Para saber mais: os acordos de cooperação técnica entre a DPU, o Superior Tribunal de Justiça (STJ) e o Supremo Tribunal Federal (STF) "Cartas para a cidadania" servem para ampliar o canal de comunicação para presos em busca de revisão de processos. Levantamento da DPU ao qual o SBT News teve acesso mostra que os assuntos mais abordados nas cartas são:

Crimes de tráfico e uso indevido de drogas (1.829)

Direito civil (1.739)

Crimes contra o patrimônio (1.642)

Direito penal (1.093)

Crimes contra a administração (907)

Erros iniciais: defensores públicos federais listaram pelo menos 30 casos de condenações em que as investigações iniciais ou mesmo decisões da Justiça estavam equivocadas. A atuação da DPU levou tribunais superiores a anular sentenças de inocentes ou de condenados a penas desproporcionais.

Caso 1: o pedreiro Bruno Dutra, 30 anos, antes ser absolvido pelo trabalho da DPU, passou três anos e três meses preso. Suspeito de um roubo no início de 2021, ele foi abordado por policiais quando saía de uma padaria em São Carlos, interior de SP. A descrição da vítima para a PM dizia que o assaltante usava camisa azul. Bruno usava um casaco daquela cor. Os policiais tiraram foto dele e enviaram para vítima pelo WhatsApp. O "reconhecimento" foi feito assim, de maneira precária. Pior, todo o processo de condenação de Bruno se deu por causa do tal "reconhecimento". O juiz o condenou por 6 anos. A DPU entrou com recurso no Superior Tribunal de Justiça (STJ) em abril de 2022 demonstrando as contradições do caso. Em dezembro de 2023, um dos ministros do STJ deu razão aos argumentos da DPU e o absolveu.

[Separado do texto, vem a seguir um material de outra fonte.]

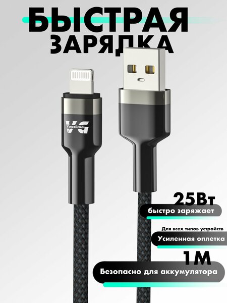 Кабель быстрой зарядки для iPhone, USB - Lightning, iPhone, 25W 3A - это идеальный выбор для тех, кто хочет быстро зарядить свой телефон или планшет. Этот кабель поддерживает стандарт быстрой зарядки Fast Charge 2.0, что позволяет заряжать ваше устройство значительно быстрее, чем обычные кабели.
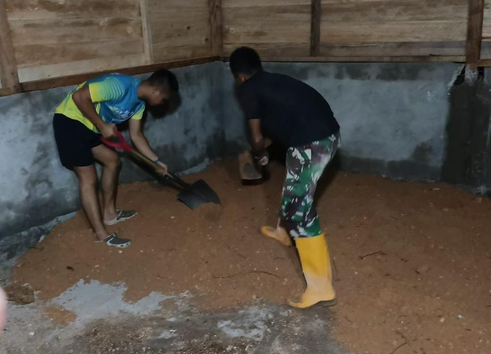 Semangat gotong royong antara TNI dan masyarakat terlihat jelas di lokasi kegiatan, di mana keduanya bahu-membahu memastikan pembangunan rumah berjalan lancar.
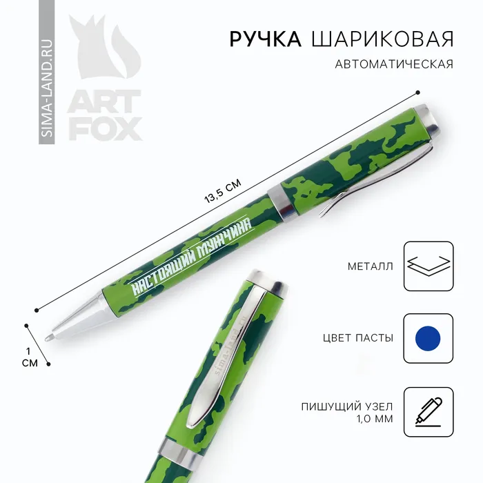 Ручка шариковая, металл, синяя паста 1.0 мм «Настоящий мужчина» — Характеристики
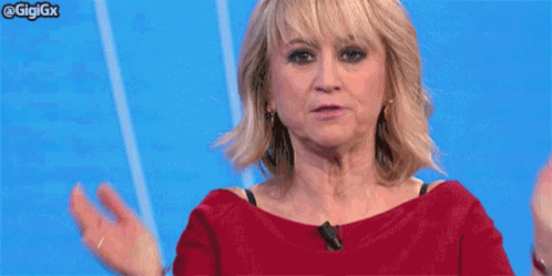 Luciana Littizzetto makes a heartfelt gesture of appreciation, blowing a kiss to the audience in a red top.

Caso 2: “Peço que meu processo seja revisado pois estou sendo punido por algo que não cometi e para uma possível condenação tudo deve ser claro como a luz. Condenação exige certeza, não alta probabilidade”, escreveu Regivam Rodrigues dos Santos numa carta à DPU. Ele havia sido preso em 2018, em São Paulo, depois de uma suspeita por roubo. Os PMs mandaram uma foto de Regivam para o WhatsApp das vítimas, que o “reconheceram”. Os relatos dos acusadores falavam em dinheiro e arma. Ao ser abordado pelos policiais, Regivam não tinha nem uma coisa, nem outra. Mesmo assim foi preso e condenado a oito anos, 10 meses e 20 dias de prisão. A DPU entrou com recurso no STJ e no STF. “Como se vê, no caso concreto, o reconhecimento judicial está viciado pelo reconhecimento fotográfico realizado por WhatsApp, somado ao fato de que nenhuma outra prova há nos autos no sentido de confirmar a autoria sobre o recorrente”, escreveu o relator, o ministro Gilmar Mendes, do STF. A decisão foi publicada em 22 de fevereiro de 2022.

Caso 3: o pintor Alex Brandão Tenório Santana foi absolvido após atuação da DPU no STJ. Ele foi preso após ser acusado por policiais civis de ter praticado um roubo em 21 de maio de 2020, em Guaratinguetá, interior de São Paulo. Os "investigadores" analisaram as câmeras de segurança e intimaram Alex a comparecer à delegacia em 17 de novembro de 2020 – cinco meses depois do roubo. Ele foi colocado dentro de uma sala improvisada e foi obrigado a cobrir o rosto com uma máscara e um boné. “Quanto à autoria, o réu negou a prática delitiva, afirmando que se encontrava em sua casa no dia e horário dos fatos. Também alegou o réu que, na delegacia, foi mencionado que o autor do delito teria uma tatuagem, a qual ele não possui”, ponderou o juiz de primeira instância. Ainda assim, o magistrado o condenou a cinco anos em regime inicial fechado, com base apenas no reconhecimento das testemunhas. Em carta à DPU, o réu relatou “diversas ilegalidades e constrangimentos ilegais. Após o recurso da DPU ao STJ, o ministro relator do caso absolveu Alex por considerar um equívoco o reconhecimento fotográfico.